Cucu Abdul Karim
Usai menegok Wil
dirumahnya, aku bersama Drim menghabiskan sisa waktu untuk mencari buku-buku tentang islam. Semuanya berkaitan
tentag islam. Setelah merasa lelah seharian mencari buku aku mampir dulu
kerumah Drim. Terbaring diatas ranjang, sambil memejamkan mata.
“Satu taburan serbuk
penyejuk terpancar dari hatinyah. Telah mengukir sebuah goresan yang telah lama
terlupakan. Saat segumpl hati terus merasa hitan nan beku. ia berikan sebuah
penerangan hingga membuat luluh hati ini. Ketika kaki teralu ambisius mengikuti
arah ibujarinya yang tertutup lumpur. Ia hendah bersedia membersihkan ibujari
dengan kain putih jilbabnya. Sekarang aku paham kalau sesungguhnya tasbih bukanlah
satu satunya alat untuk berdzikit dengan menyebut asmanya. Tetapi mensyukuri
satu keindahan yang diciptakan tuham juga termasuk dari sebagian Dzikir” satu
syair terucap dariku.
“yo lumayan bagus juga
kata-katamu” puji Drim
“Rio ada Mang Ujang tuh
di depan. katanya nyusulin kamu” ujar tante Lusi dari pintu kamar. Aku bangun
dari ranjang. Segera ku tengok dari balkon
“oh set Omah, aku harus
cepat pulang. Pasti omah menghawatirkanku”
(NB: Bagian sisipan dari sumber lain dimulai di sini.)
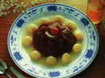 2、 用刀刮净火腿皮上的细毛和污渍,洗净。将火腿肉面朝是放在砧板上,切成12个小方块,放在碗里,用清水浸没,加入绍酒25克、冰糖25克,上蒸笼用旺火蒸1小时,至火腿八成熟时,滗去汤水,再加入绍酒25克,冰糖75克,用清水浸没,放在蒸熟的莲子。再上蒸笼用旺火蒸1小时30分钟,将原汁滗入碗中,待用。将火方扣在高脚汤盘里,围上莲子,缀上樱桃、青梅。
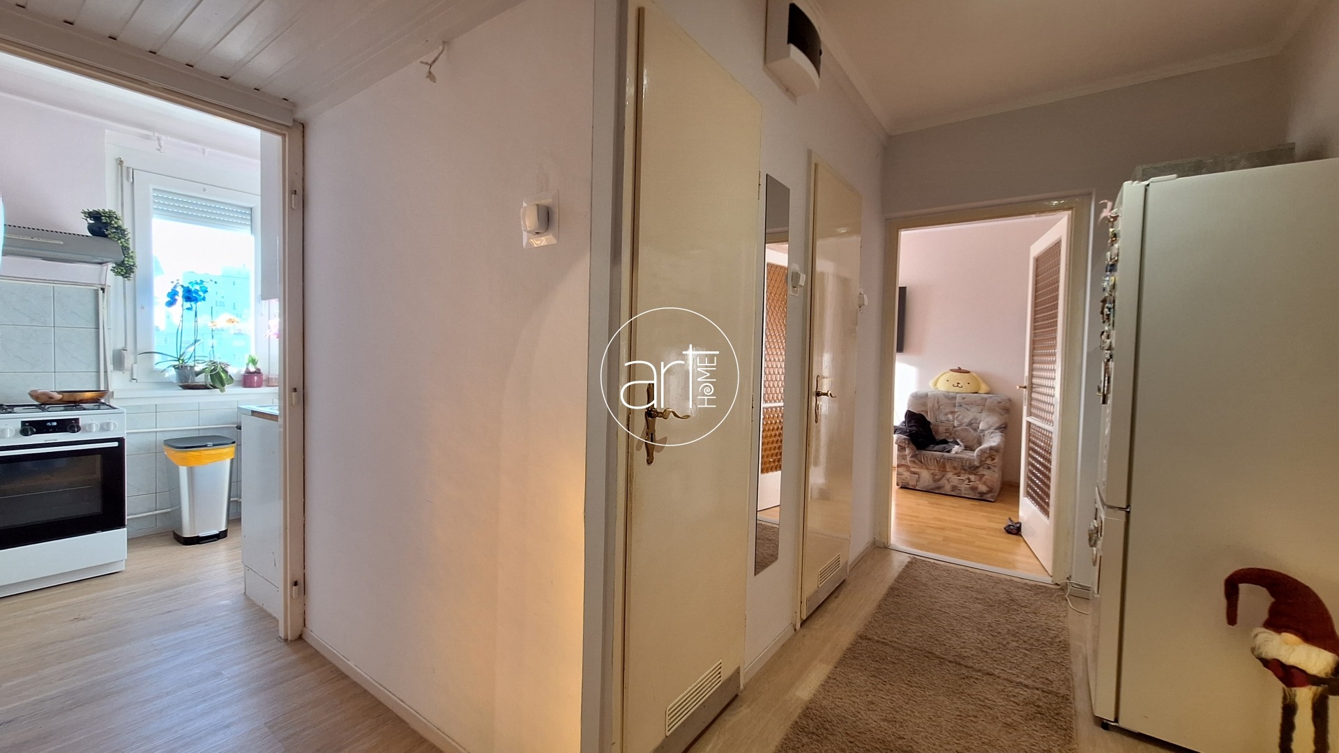 Ez a lakás az egyik legpraktikusabb elosztású panel otthon Szegeden. A nappalin kívül három külön bejáratú szoba áll rendelkezésre, így akár gyerekszobának, dolgozószobának, esetleg étkezőnek vagy vendégszobának is ideális. Különböző életszakaszokban rugalmasan változtatható a helyiségek funkciója. Az egyik szobából keleti fekvésű, fedett erkély nyílik, amely kellemes reggeli napfényt biztosít, viszont a nyári estéken is jól használható, mert kora délutántól árnyékban marad. A konyha kifejezetten világos és tágas, fehér bútorral kialakított. Mivel a korábbi kamrát kibontották, így nagyobb, élhetőbb teret kapott. A lakáshoz tartozik egy kihelyezett előtér is, amely rendkívül hasznos: előszobaként, tárolóként kiválóan funkcionál, így a hűtő vagy akár egy kamraszekrény is kényelmesen elhelyezhető a közlekedőben, tehermentesítve a konyhát.
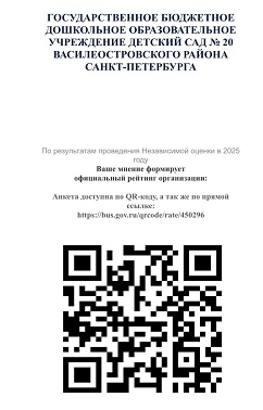 - Ваше мнение формирует официальный рейтинг организации: Анкета доступна по QR-коду, а также по прямой ссылке:https://bus.gov.ru/qrcode/rate/450296

merangkul sepatu dan tas berisikan buku-buku dengan terburu-buru.
“Rio kamu tidak makan
dulu” taya tante Lusi
“iyah yo, makan dulu
lah bareng kami, sekalian ajak Mang ujang” ajak Drim
“Tidak tante. Soalnya
Omah pasti menunggu untuk makan malam” sambil ku kenakan sepatuku “Aku pulang
dulu tante. Sampai ketemu besok Drim” salam pamit yang kusampaikan.
Tepat sekali dengan apa
yang ku pikirkan. Omah telah menunggu dimeja maka. Rasanya aku merasa bersalah
tengah membuarnya hawair. Dikarnakan tidak mematuhi perintah omah tadi pagi.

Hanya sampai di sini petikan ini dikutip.